Required work: Render every line of the data exactly as written, and leave out the pictures.

[Source material Boundary: Start]

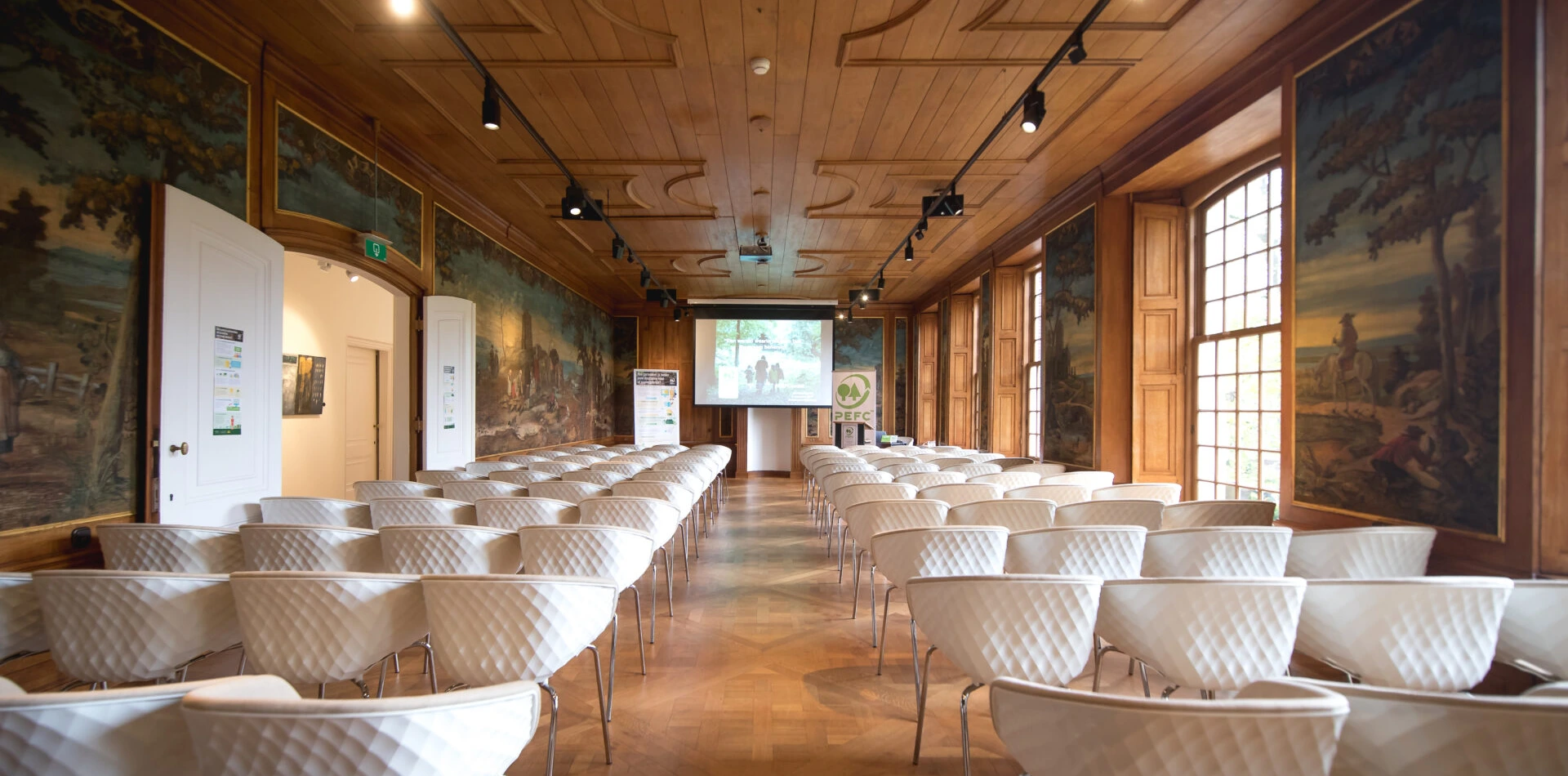 De verschillende gebouwen op de buitenplaats zijn allen ingericht met audiovisuele faciliteiten die het mogelijk maken een online of hybride evenement te organiseren. De entourage van het landgoed, ons steengoede personeel en culinaire invulling maken het ook voor fysieke gasten een onvergetelijke ontmoeting.
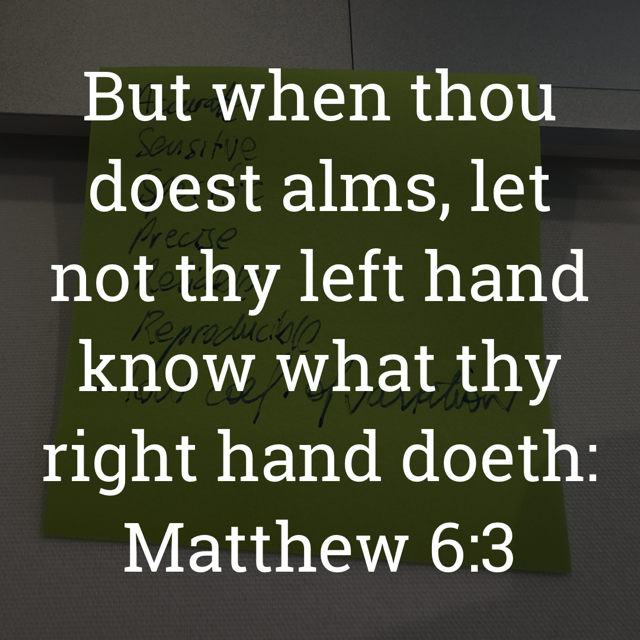 “But when thou doest alms, let not thy left hand know what thy right hand doeth.”
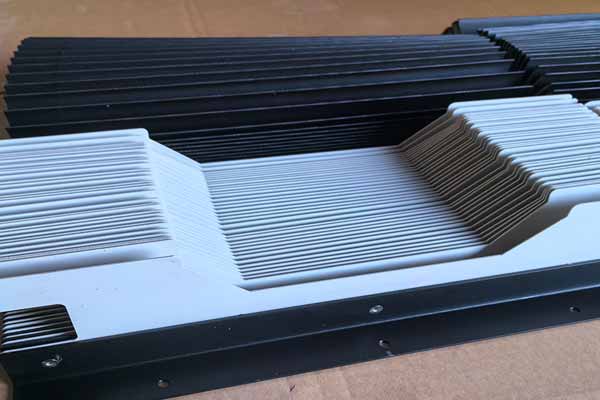 風(fēng)琴防護(hù)罩:采用的是防水、防油、阻燃不同材質(zhì)加工而成,通過增加滑輪、滑塊、拉帶等方式適應(yīng)更多的機(jī)床運(yùn)行環(huán)境,所以定做時(shí)要按照客戶提供的圖紙和產(chǎn)品使用環(huán)境才可以做到適合的風(fēng)琴防護(hù)罩

[Source material Boundary: End]

Output:
 De verschillende gebouwen op de buitenplaats zijn allen ingericht met audiovisuele faciliteiten die het mogelijk maken een online of hybride evenement te organiseren. De entourage van het landgoed, ons steengoede personeel en culinaire invulling maken het ook voor fysieke gasten een onvergetelijke ontmoeting.
 “But when thou doest alms, let not thy left hand know what thy right hand doeth.”
 風(fēng)琴防護(hù)罩:采用的是防水、防油、阻燃不同材質(zhì)加工而成,通過增加滑輪、滑塊、拉帶等方式適應(yīng)更多的機(jī)床運(yùn)行環(huán)境,所以定做時(shí)要按照客戶提供的圖紙和產(chǎn)品使用環(huán)境才可以做到適合的風(fēng)琴防護(hù)罩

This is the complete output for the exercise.